I need to set for each municipality i the nearest value from a list of municipalities. Every municipality in this list may have a specific price value if it produces a commodity or have a NA if it does not produce in that year. Therefore, i can either: a) have its own price; b) have the price from a closest neighbor, and this may change for each year (2000 through 2014).
This database is in a shapefile imported to R through SP <- readOGR("MT.shp")
where N1 is the ID number, N2 is the municipality code, N3 is its name and N4 through N18 are the prices (when available):
$ N1 : Factor w/ 287 levels "1","10","100",..: 287 1 112 210 221 232 243 254 265 276 ...
$ N2 : Factor w/ 287 levels "1100015","1100023",..: 287 53 54 55 56 57 58 59 60 61 ...
$ N3 : Factor w/ 287 levels "AGUA AZUL DO NORTE",..: 148 2 3 4 5 1 6 7 10 16 ...
$ N4 : Factor w/ 39 levels "0.1999605989",..: 39 NA NA NA NA NA NA NA 32 NA ...
$ N5 : Factor w/ 49 levels "0.2099991931",..: 49 NA NA NA NA NA NA NA 42 NA ...
$ N17: Factor w/ 103 levels "0.5011494253",..: 103 NA NA NA NA NA NA NA 55 NA ...

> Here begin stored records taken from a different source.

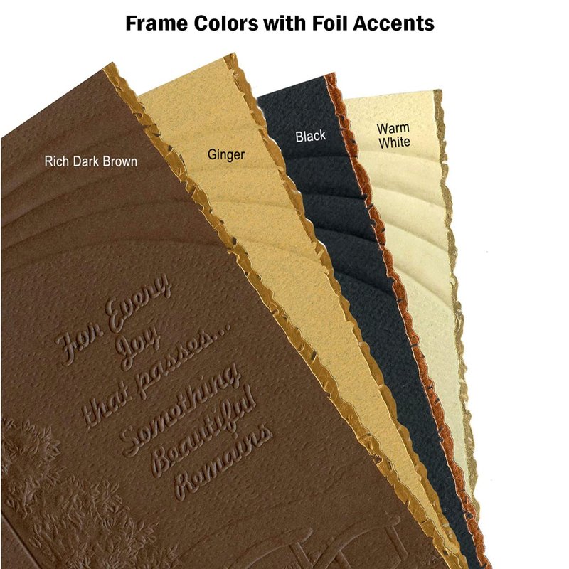 - Made from a textured cardstock veneer and printed sentiment, both with foil accents assembled on a polyresin easel-back frame.
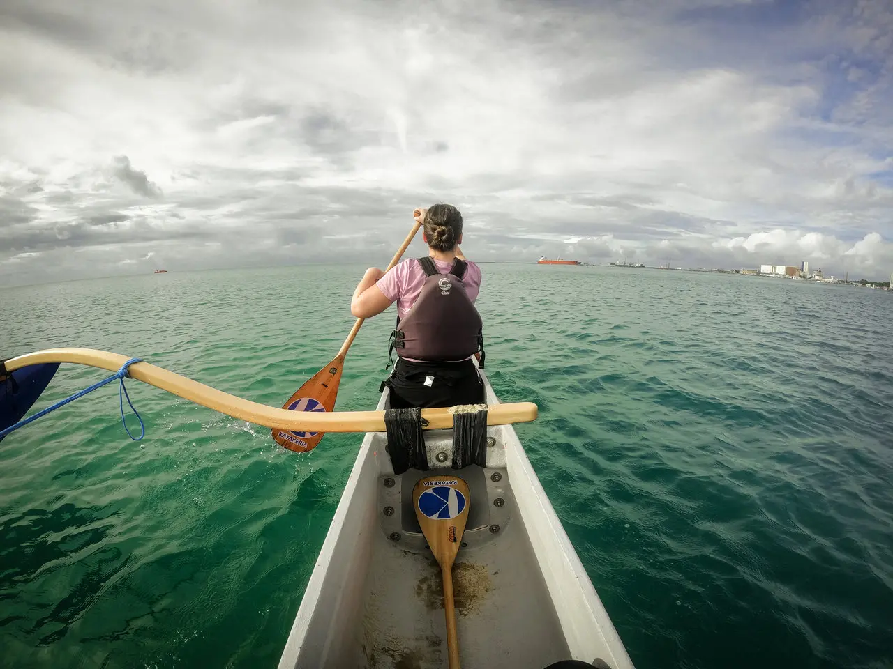 Depois, é hora de empurrar o equipamento para o mar e subir na canoa. É preciso ficar atento aos comandos dos instrutores na hora de remar, porque os movimentos devem ser sincronizados. Quando você pega o jeito, é só apreciar.
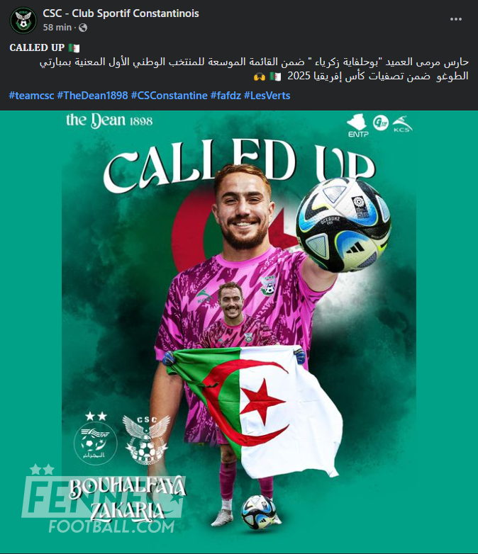 Algérie Foot – Le gardien de but du CS Constantine, Zakaria Bouhalfaya, a été inclus dans la liste élargie du sélectionneur de l’équipe d’Algérie Vladimir Petkovic pour les matchs contre le Togo, comptant pour les qualifications de la Coupe d’Afrique des Nations 2025.
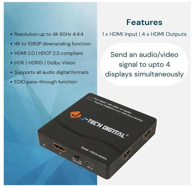 1 HDMI Input to 4 HDMI Outputs This high-performance HDMI splitter 1 in 4 out allows you to connect one HDMI source (e. g., cable box, satellite box, DVD / Blu-ray player, gaming console, Apple TV, Roku, Fire Stick, PC) to 4 HDMI displays simultaneously, ensuring seamless multi-screen viewing.
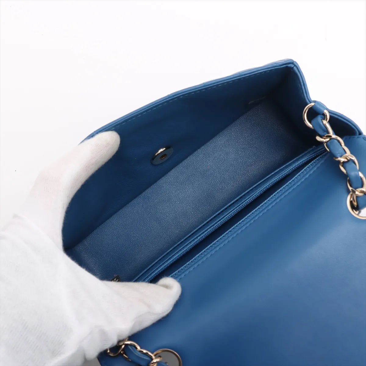 Minor nail marks under flap, light hairline scratches on hardware, minor creasing on front, some stickers still on hardware

$ N18: Factor w/ 100 levels "0.75","0.8092253594",..: 100 NA NA NA NA NA NA NA 93 NA ...
Therefore, I need to fill all NAs (total of 2965) with the value from the closest municipality with a valid number. I read a similar guidance from:
but that did not apply equally for my dataset.
Is there any formula to do this task?
Thank you.
Following @StatnMap help, I calculated all minimum distances:
> distmin <- spDists(SP, longlat = TRUE); class(distmin)
[1] "matrix"
I also have a matrix called psoy with dimension (287 x 15). An example:
X2000 X2001 X2002
[1,] NA NA NA
[2,] 0.2500000 0.2866667 0.3600000
[3,] NA NA NA
[4,] 0.6500390 0.5598765 0.4000000
[5,] 0.7500390 0.5598765 NA
[6,] 0.6000000 NA 0.3500000
[7,] 0.4200150 0.4700000 0.3000000
[8,] NA NA 0.4000000
For each column of psoy, let's say X2000, I need to find the nearest municipality with a valid (non NA) value. I created a new dataframe A trying to manage this problem by year:
> A <- data.frame(psoy$X2000, distmin)
For municipality X1, for instance, A would be (first column are prices and second are distances from X1 to neighbors):
X2000 X1
[1,] NA 0.00000
[2,] 0.2500000 360.45196
[3,] NA 62.37937
[4,] 0.6500390 261.60197
[5,] 0.7500390 583.45032
[6,] 0.6000000 696.34611
[7,] 0.4200150 600.53779
[8,] NA 764.88325
So, in this example, X1 does not have a value and should return the value from the nearest municipality. The answer I need is 0.6500390 from [4,] substituting NA in row [1,], column X2000.
I tried several commands to make it automatic, but none worked. The best I did was:
A$psoy00r <- ifelse(!is.na(A$psoy.X2000), A$psoy.X2000,
with(A, psoy.X2000[which.min(X1)], na.rm = TRUE))
but it still kept NAs where they already existed.
I appreciate any help and thank you for attention.